Work order: A verbatim transcript of the data below is required, images omitted.

Provided material:
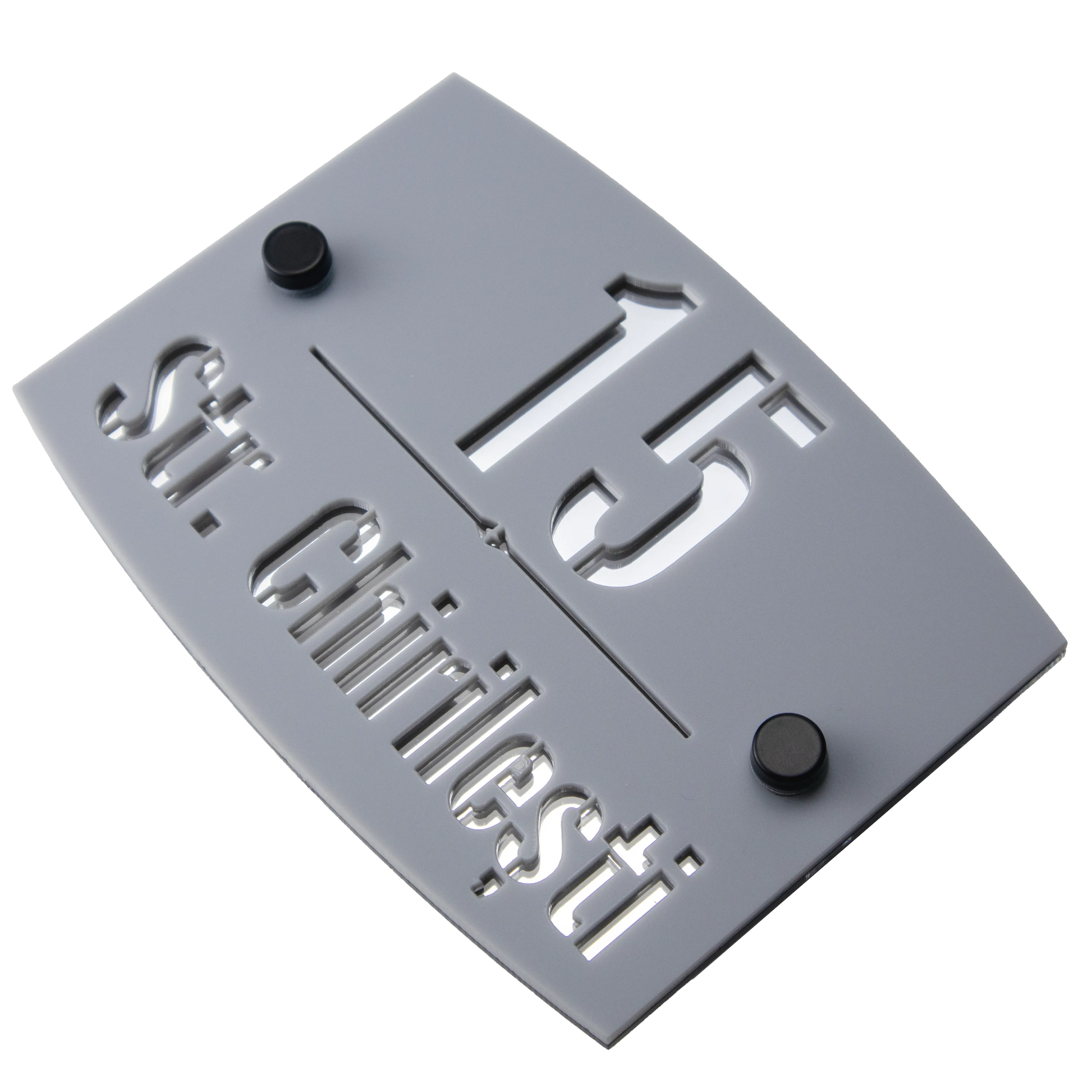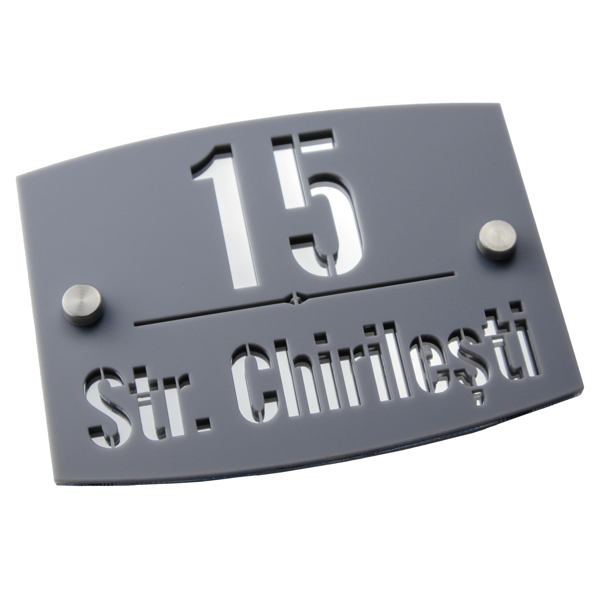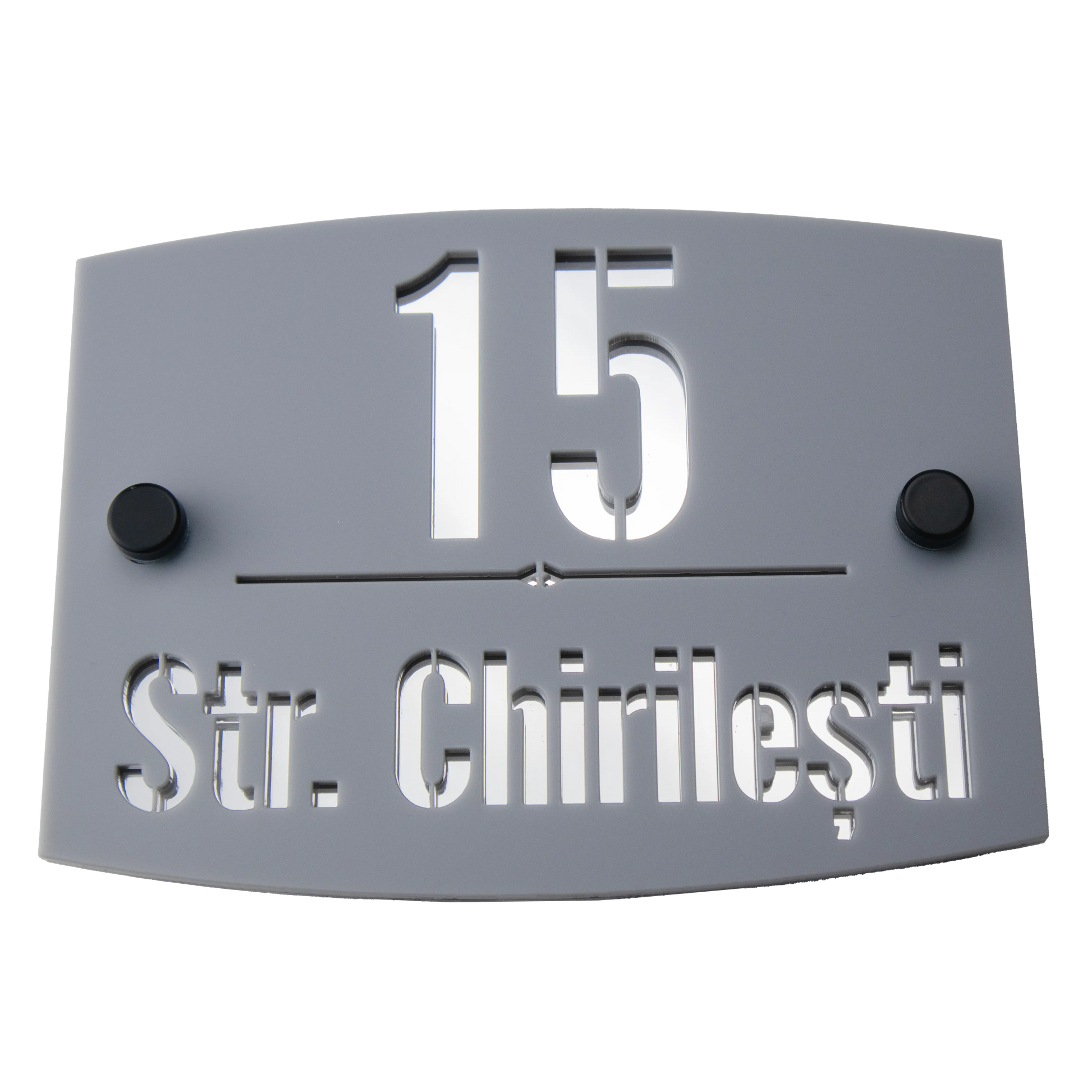 Alege Numarul de casa Arcadia 16x12cm – Gri/Argintiu Mirror pentru un aspect discret, dar deosebit de elegant.
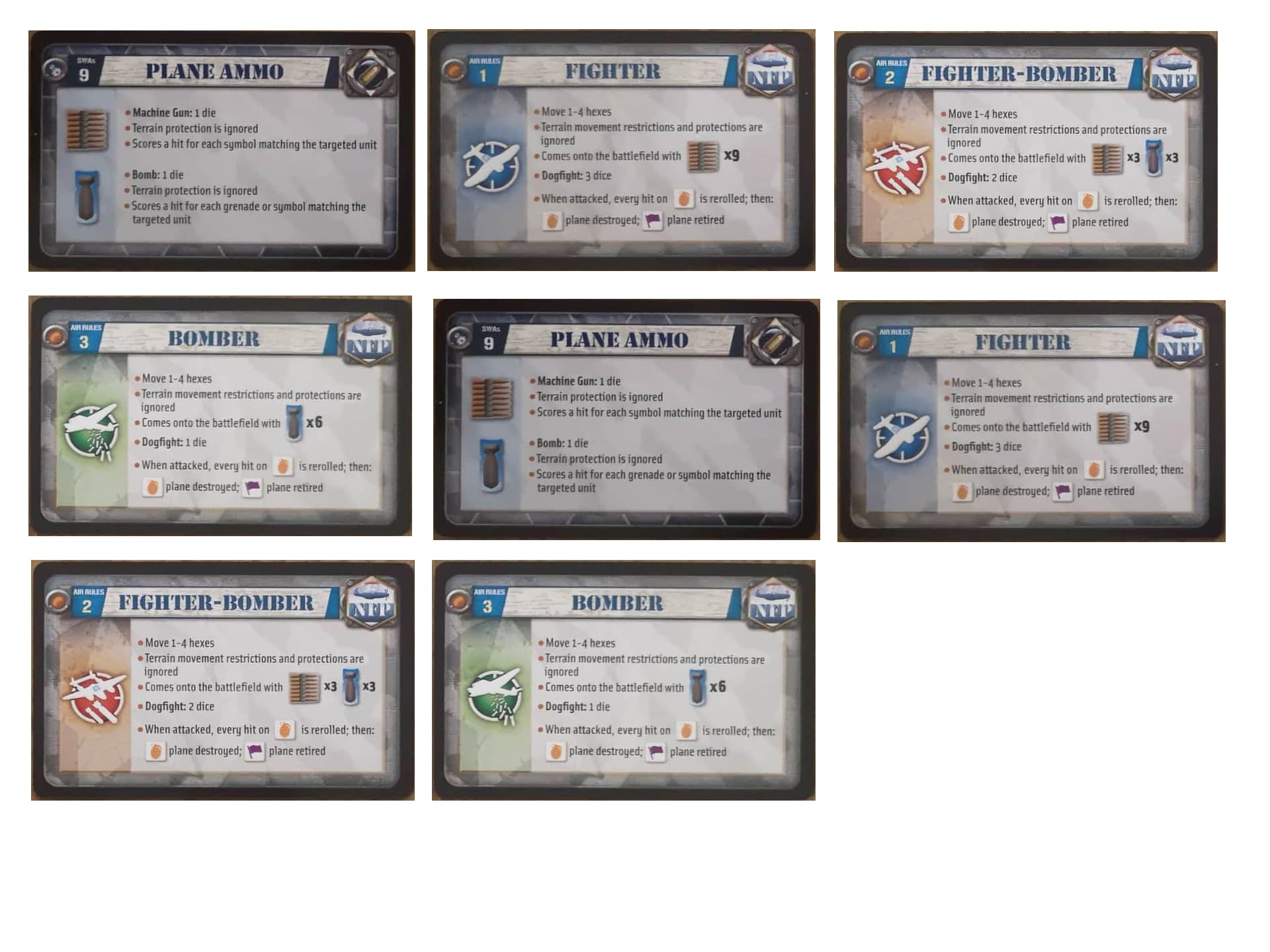 These cards have some mistakes: use ‘‘for all attacks during this run’’ instead of ‘‘for all attacks during this turn’’, at Ground To Air Ambush the correct text is ''Your ground unit battles immediately with 1 additional die. Hits are also scored when rolling a star on the combat roll (the confirmation roll works as usual). If enemy aircraft is not eliminated or forced to retire, it may complete the attack run. Play this card in the move phase when an enemy aircraft places an ammo marker against a ground unit.
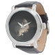 This men's watch features a setting moon on the face with black leather wrist strap and silver back.

Expected answer:
 Alege Numarul de casa Arcadia 16x12cm – Gri/Argintiu Mirror pentru un aspect discret, dar deosebit de elegant.
 These cards have some mistakes: use ‘‘for all attacks during this run’’ instead of ‘‘for all attacks during this turn’’, at Ground To Air Ambush the correct text is ''Your ground unit battles immediately with 1 additional die. Hits are also scored when rolling a star on the combat roll (the confirmation roll works as usual). If enemy aircraft is not eliminated or forced to retire, it may complete the attack run. Play this card in the move phase when an enemy aircraft places an ammo marker against a ground unit.
 This men's watch features a setting moon on the face with black leather wrist strap and silver back.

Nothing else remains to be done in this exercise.